- **DATASET RECORDS**
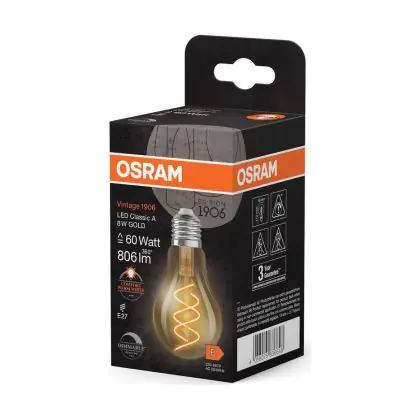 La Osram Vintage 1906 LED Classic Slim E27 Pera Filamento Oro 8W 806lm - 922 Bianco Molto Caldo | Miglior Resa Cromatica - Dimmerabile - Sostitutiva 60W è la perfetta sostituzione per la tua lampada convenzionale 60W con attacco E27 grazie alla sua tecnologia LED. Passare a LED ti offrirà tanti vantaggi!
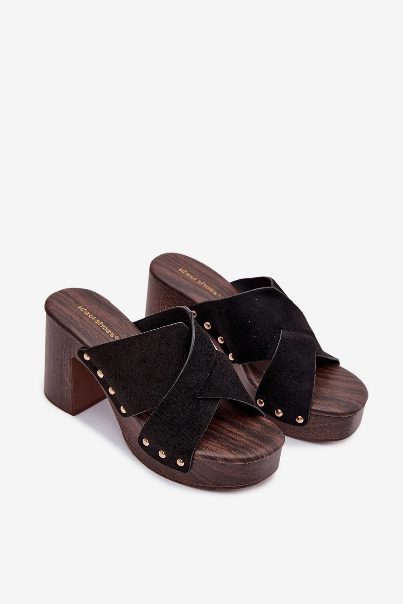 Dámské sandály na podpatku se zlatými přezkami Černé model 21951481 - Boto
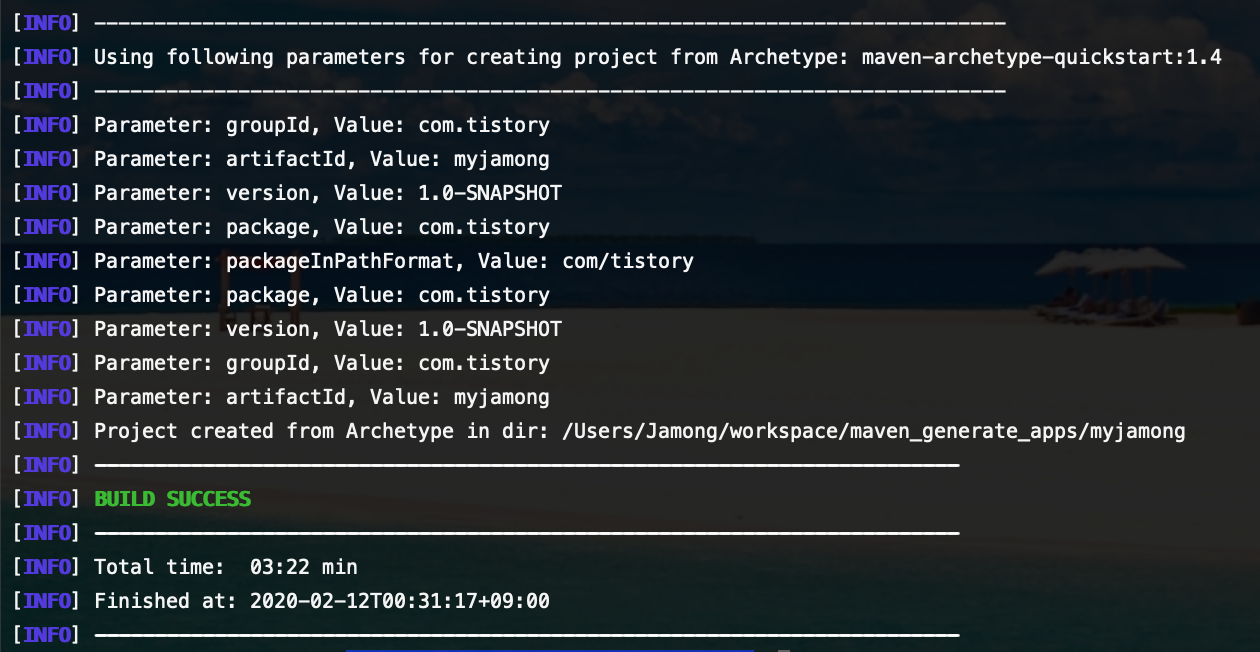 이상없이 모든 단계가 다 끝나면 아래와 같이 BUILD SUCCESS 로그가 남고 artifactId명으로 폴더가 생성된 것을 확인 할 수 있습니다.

---

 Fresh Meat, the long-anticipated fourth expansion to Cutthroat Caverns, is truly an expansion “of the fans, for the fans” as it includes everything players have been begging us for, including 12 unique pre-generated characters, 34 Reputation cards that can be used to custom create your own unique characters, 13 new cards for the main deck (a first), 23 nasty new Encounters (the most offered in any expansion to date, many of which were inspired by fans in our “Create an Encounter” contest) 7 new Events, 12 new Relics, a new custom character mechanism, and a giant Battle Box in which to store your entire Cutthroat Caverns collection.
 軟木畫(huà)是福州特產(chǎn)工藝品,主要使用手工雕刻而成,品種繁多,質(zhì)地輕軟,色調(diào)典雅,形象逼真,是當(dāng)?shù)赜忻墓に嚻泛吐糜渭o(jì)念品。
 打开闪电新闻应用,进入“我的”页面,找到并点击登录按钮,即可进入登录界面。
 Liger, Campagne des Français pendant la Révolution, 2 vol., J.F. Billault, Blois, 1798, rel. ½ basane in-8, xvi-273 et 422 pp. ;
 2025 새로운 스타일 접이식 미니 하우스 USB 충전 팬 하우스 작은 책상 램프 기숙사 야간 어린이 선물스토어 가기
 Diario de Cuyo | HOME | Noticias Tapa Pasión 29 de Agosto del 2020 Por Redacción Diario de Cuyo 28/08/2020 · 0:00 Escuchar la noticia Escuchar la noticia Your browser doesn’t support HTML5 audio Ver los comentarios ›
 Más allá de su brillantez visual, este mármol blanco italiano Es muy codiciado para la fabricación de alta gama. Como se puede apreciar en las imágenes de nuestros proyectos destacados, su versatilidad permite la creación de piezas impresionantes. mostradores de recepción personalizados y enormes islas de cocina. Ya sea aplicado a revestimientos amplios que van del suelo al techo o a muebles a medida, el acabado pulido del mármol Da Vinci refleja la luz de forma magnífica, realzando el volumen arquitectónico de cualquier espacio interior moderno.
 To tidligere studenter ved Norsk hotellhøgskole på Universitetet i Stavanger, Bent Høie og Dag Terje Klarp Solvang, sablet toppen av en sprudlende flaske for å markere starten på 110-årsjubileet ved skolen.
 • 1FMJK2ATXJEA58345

- **WORK INSTRUCTIONS**
Once the line with "La Osram Vintage" is found in the data above, reproduce it and each line after it exactly, through the line with "이상없이 모든 단계가". Omit the pictures.

- **RESPONSE AREA**
 La Osram Vintage 1906 LED Classic Slim E27 Pera Filamento Oro 8W 806lm - 922 Bianco Molto Caldo | Miglior Resa Cromatica - Dimmerabile - Sostitutiva 60W è la perfetta sostituzione per la tua lampada convenzionale 60W con attacco E27 grazie alla sua tecnologia LED. Passare a LED ti offrirà tanti vantaggi!
 Dámské sandály na podpatku se zlatými přezkami Černé model 21951481 - Boto
 이상없이 모든 단계가 다 끝나면 아래와 같이 BUILD SUCCESS 로그가 남고 artifactId명으로 폴더가 생성된 것을 확인 할 수 있습니다.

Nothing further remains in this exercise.